◆ Input records:
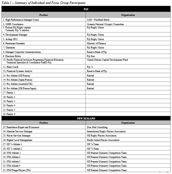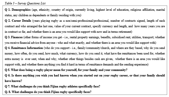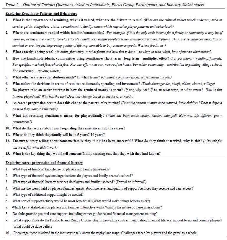 Fieldwork occurred in Fiji and New Zealand. Data collection relied heavily on the use of semi-structured interviews. Ten interviews were conducted with athletes, and 16 with key informants – those with rugby or financial expertise. A focus group with fringe athletes (i.e., those athletes who do not have professional contracts yet but are on the verge of signing) and focus groups with five families were also conducted. Interviews with athletes, family and Fijian based key informants were conducted mostly in Fijian, underpinned by the notion that a richer understanding comes from participants using their own vernacular. The approach to recruiting participants for the semi-structured one-on-one and focus group interviews was purposive snowballing. Table 1 summarises the individual and focus group participants. Table 2 outlines the types of questions asked to individuals and focus group participants.
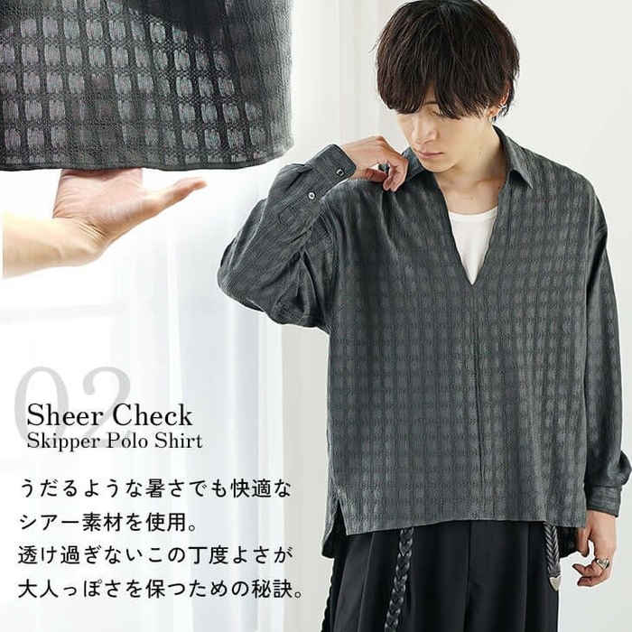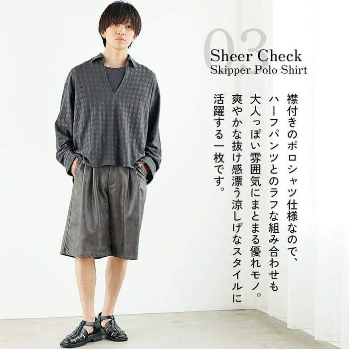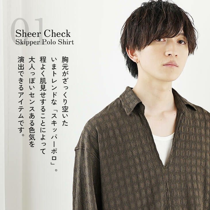 【NEW】抜け感と色気を兼ね備えた「シアーチェックスキッパーポロシャツ」
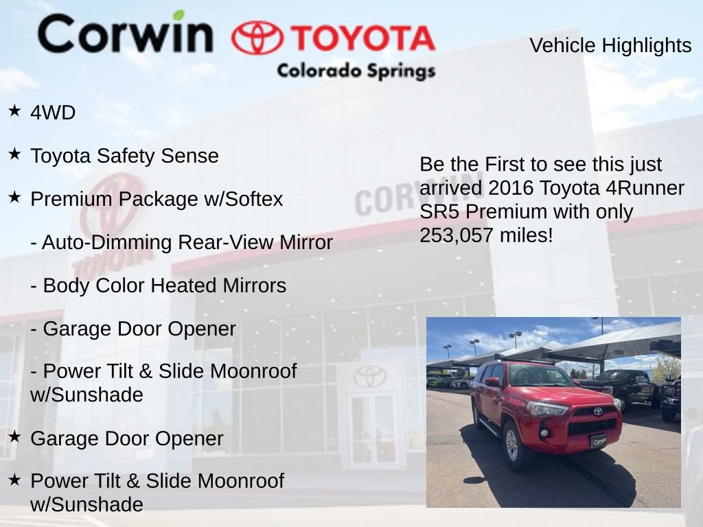 Discover the ultimate adventure companion in this 2016 Toyota 4Runner SR5 Premium. With its robust 4.0L V6 engine, 4-wheel drive capability, and impressive towing capacity, this SUV is ready to take you and your gear wherever the road, or trail, may lead.
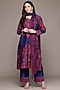 Ritu Kumar presents a blue kurta in cotton and silk base. It is paired with pants and a dupatta. Accentuate it with statement earrings and block heels for a festive look.
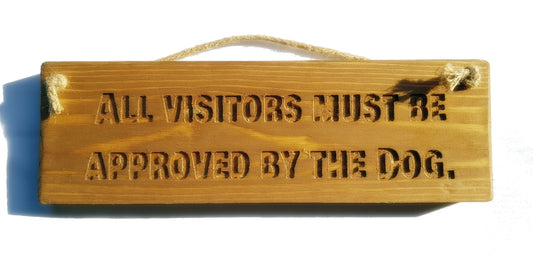 Wooden engraved Rustic 30cm Sign Natural "All visitors must be approved by the dog"
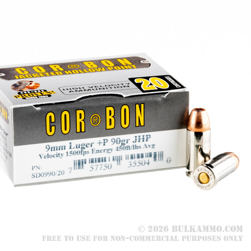 20 Rounds of 9mm +P Ammo by Corbon - 90gr JHP
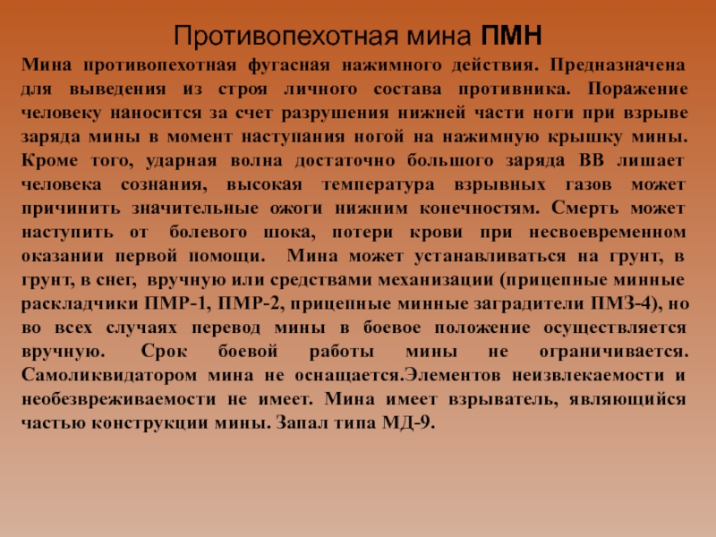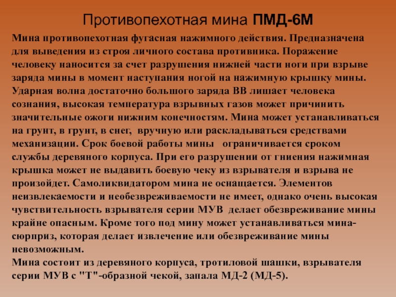 состава противника. Поражение человеку наносится за счет разрушения нижней части ноги при взрыве заряда мины в момент наступания ногой на нажимную крышку мины. Ударная волна достаточно большого заряда ВВ лишает человека сознания, высокая температура взрывных газов может причинить значительные ожоги нижним конечностям. Мина может устанавливаться на грунт, в грунт, в снег, вручную или раскладываться средствами механизации. Срок боевой работы мины ограничивается сроком службы деревяного корпуса. При его разрушении от гниения нажимная крышка может не выдавить боевую чеку из взрывателя и взрыва не произойдет. Самоликвидатором мина не оснащается. Элементов неизвлекаемости и необезвреживаемости не имеет, однако очень высокая чувствительность взрывателя серии МУВ делает обезвреживание мины крайне опасным. Кроме того под мину может устанавливаться мина-сюрприз, которая делает извлечение или обезвреживание мины невозможным.

◆ Problem details:
Look above for the line containing "Discover the ultimate" and the line containing "20 Rounds of", then reproduce both and everything between them exactly, pictures omitted.

◆ Response:
 Discover the ultimate adventure companion in this 2016 Toyota 4Runner SR5 Premium. With its robust 4.0L V6 engine, 4-wheel drive capability, and impressive towing capacity, this SUV is ready to take you and your gear wherever the road, or trail, may lead.
 Ritu Kumar presents a blue kurta in cotton and silk base. It is paired with pants and a dupatta. Accentuate it with statement earrings and block heels for a festive look.
 Wooden engraved Rustic 30cm Sign Natural "All visitors must be approved by the dog"
 20 Rounds of 9mm +P Ammo by Corbon - 90gr JHP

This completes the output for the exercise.